Friday, September 15, 2023

Something to Say

 I have continued my reading of John Barth's short fiction this week, moving on from Lost in the Funhouse to his next collection of interwoven novellas: the wonderfully inventive and occasionally quite moving Chimera, originally published in 1972. One could say that here Barth continues to explore his great theme of the angst the modern writer feels at having nothing to say. Chimera is in part, like its predecessor, a book about not having anything to write a book about. 

I should clarify that I in no way mean this pejoratively. Barth himself is entirely self-conscious about this fear; he himself—as I quoted last time—admits that one of his recurring obsessions is that of the specter of creative "impotency" (to which he draws the obvious sexual analogy in both the earlier collection and in Chimera). And he is committed to responding to this situation, not by retreating into silence and despair, but by forging something out of the very impasse in which he finds himself: he seeks, as he wrote in Lost in the Funhouse—echoing the themes of his earlier essay on the "Literature of Exhaustion"—"to turn ultimacy, exhaustion, paralyzing self-consciousness [...] against itself to make something new and valid, the essence whereof would be the impossibility of making something new." 

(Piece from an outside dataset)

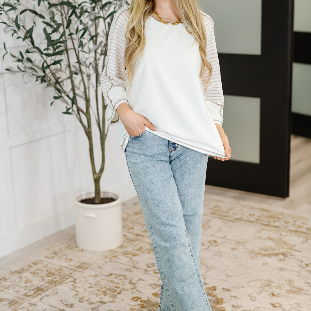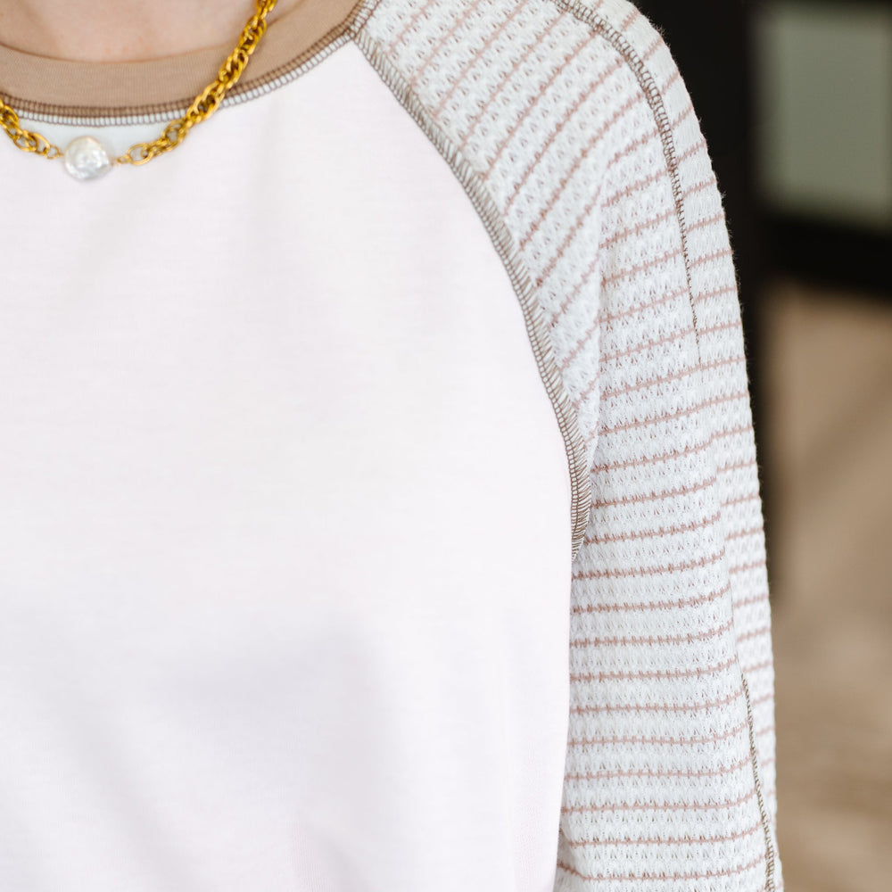 Stay comfortable and stylish with our Preoccupied Striped Sleeve Top. Made with soft French Terry fabric, this top also features sweater knit contrast details, a banded round neckline, and exposed seam details for added flair. Perfect for those who are always on the go (and look good doing it!).

For writing so much about the impossibility of writing, Barth was accused at the time of course of a sterile academicism and self-absorption. Some critics, as I noted in the previous post, attributed the involuted productions of the postmodern writers to the unique conditions of their life: they were alleged to be a generation of university instructors who had never left the academy, and who therefore had deprived themselves of anything serious to write about not because of the times in which they lived, but because of their own aversion to and insulation from ordinary human experience. 

Writers like Gore Vidal or Tom Wolfe therefore judged that the postmoderns had found nothing to say about life, not because modernity had deprived literature of value, or exhausted its potential to convey meaning in new ways, but because the postmodern authors in America's universities have never lived. They had nothing to say because of who they were, and the specific way that they had lived (or failed to live), not because of "the way we live now" in some broader sense. Such, at least, was the Wolfe diagnosis—the world, he said, in so many words, is still interesting—it has never been more interesting!; and there is still much to write about within it, if you would only be willing to step into it. 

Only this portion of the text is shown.